Page MenuHomePhabricator

Implement TTL cap for ats-be
Closed, ResolvedPublic

Description

We are currently not imposing any limit on the TTL for objects cached at the ats-be layer, accepting whatever the origin servers send. Our VCL does have such a measure in place, and we should add it to ats too.

Event Timeline

Restricted Application added a subscriber: Aklapper. · View Herald Transcript
ema triaged this task as Medium priority.Apr 7 2020, 3:45 PM
ema moved this task from Triage to Caching on the Traffic board.

I was under the impression that ATS had no config setting to impose a TTL cap. The reason for this is that the documentation for "freshness" explicitly says that those settings are imposed only if TTL heuristics are used and we don't use them.

Establishes a guaranteed maximum lifetime boundary for freshness heuristics. When heuristics are used, and the proxy.config.http.cache.heuristic_lm_factor aging factor is applied, the final maximum age calculated will never be higher than the value in this variable.

However, by looking at the code it seemed that the functions what_is_document_freshness and calculate_document_freshness_limit were not dependent on heuristics.

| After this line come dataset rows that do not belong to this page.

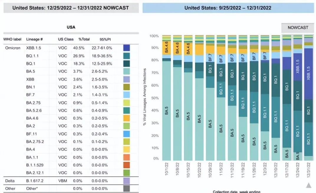 美国疾控中心于2022年12月30日公布的数据显示,当周美国有40.5%新冠病毒感染病例是由高传染性的奥密克戎亚型毒株XBB.1.5引起的,主要症状包括呼吸困难、头痛、喉咙痛、鼻塞、全身疼痛、疲劳和发烧等。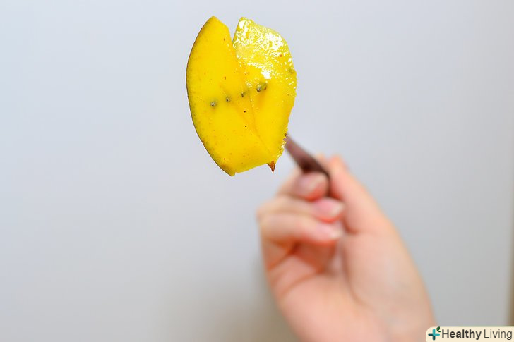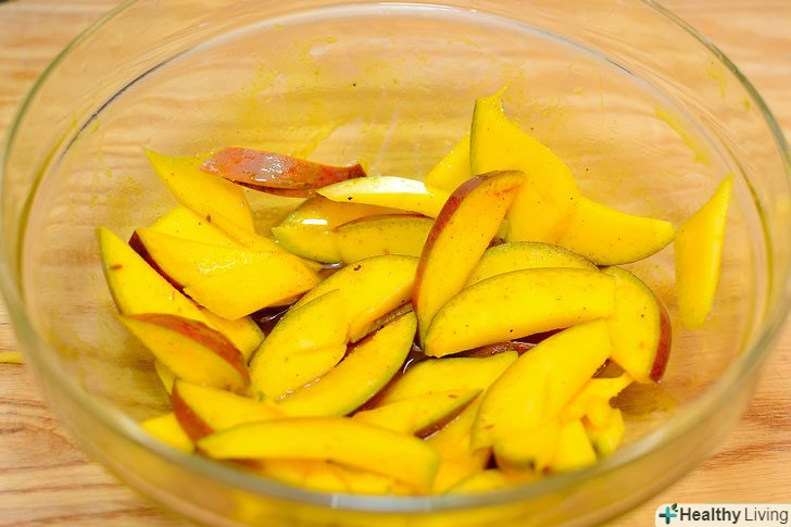 Змішайте суміш спецій з манго.ретельно змішайте суміш спецій з шматочками манго, таким чином, щоб вони добре вкрилися. Якщо не хочете забруднити руки, надіньте рукавички. Можна насипати суміш в миску і вмочати кожен шматочок манго, переконавшись, що покриваєте обидві сторони.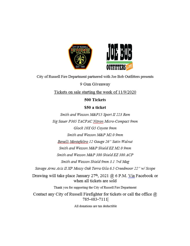 The City of Russell Fire Department is hosting a 9 Gun Giveaway to raise funds for the department. Tickets are $50 each. 500 total tickets are being sold.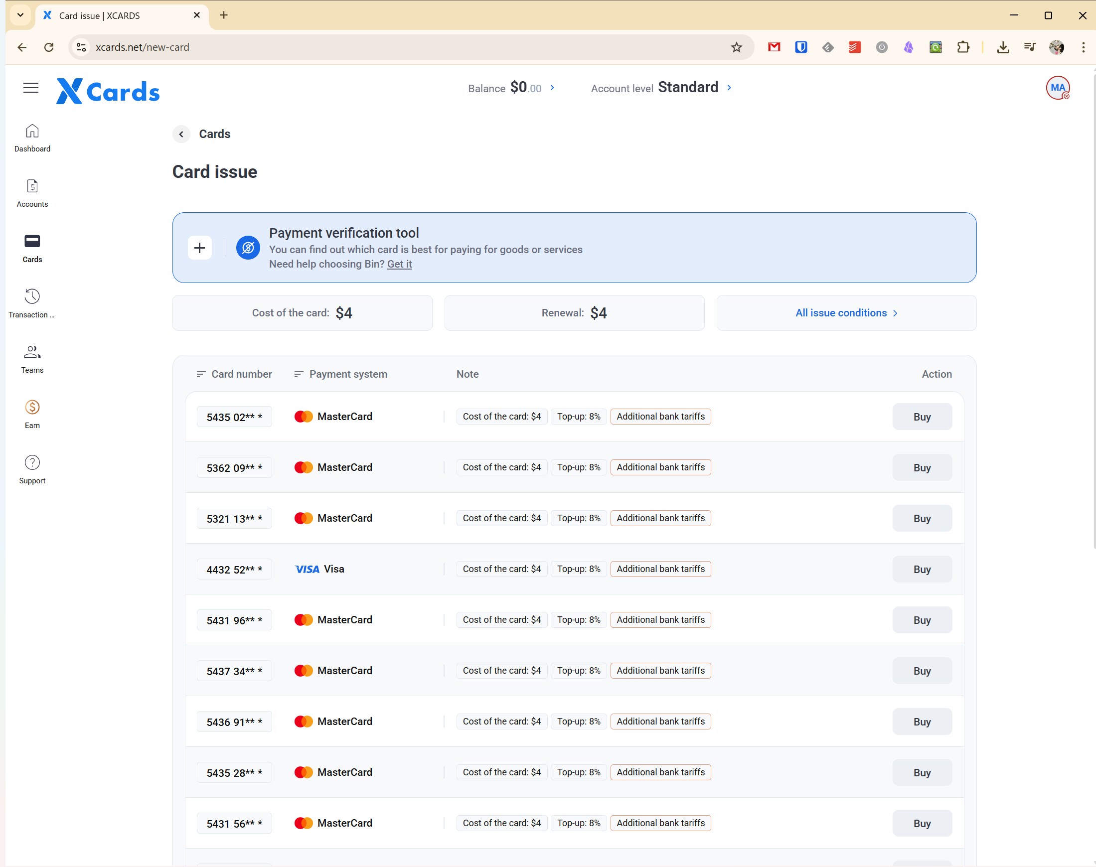 XCards для базовой работы не потребует от вас верификации, при этом он предлагает выбор из нескольких БИНов для вашей будущей карты.
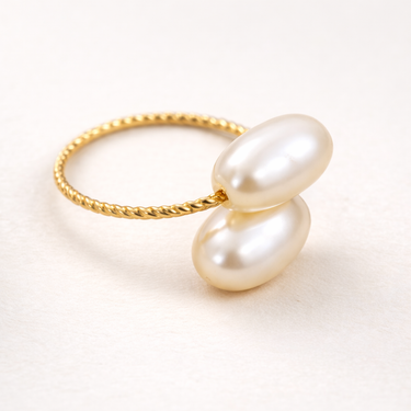 Soft, luminous, and effortlessly refined — this pearl ring brings a modern twist to a timeless classic. Featuring two delicate oval pearls set on a twisted band, it creates a balanced, sculptural look that feels both minimal and elevated.

I have thus tried setting the value on cp3050:

$ sudo traffic_ctl config set proxy.config.http.cache.guaranteed_max_lifetime 86400

Indeed looking at what's going on with systemtap the limit is taken into account:

$ sudo stap -ve 'probe process("/usr/bin/traffic_server").statement("what_is_document_freshness@./proxy/http/HttpTransact.cc:7178") { printf("fresh_limit=%d current_age=%d\n", $fresh_limit, $current_age) } '
fresh_limit=300 current_age=95
fresh_limit=10800 current_age=5430
fresh_limit=86400 current_age=1605
fresh_limit=86400 current_age=56007
fresh_limit=86400 current_age=10832
[...]

Trying setting the limit very low for a little bit (100s), no object with Age greater than that was returned by cp3050:

varnishncsa -g request -n frontend -q 'BerespHeader:Age > 100 and BerespHeader:X-Cache-Int ~ "cp3050"'
# silence

Resetting the limit to the default value, silence stops.

Bottom line: we can set proxy.config.http.cache.guaranteed_max_lifetime to 86400 and be done with this, after verifying with upstream that this is a feature and not a bug.

Change 589317 had a related patch set uploaded (by Ema; owner: Ema):
[operations/puppet@production] ATS: cap ats-be TTL at 24h

https://gerrit.wikimedia.org/r/589317

Change 589317 merged by Ema:
[operations/puppet@production] ATS: cap ats-be TTL at 24h

https://gerrit.wikimedia.org/r/589317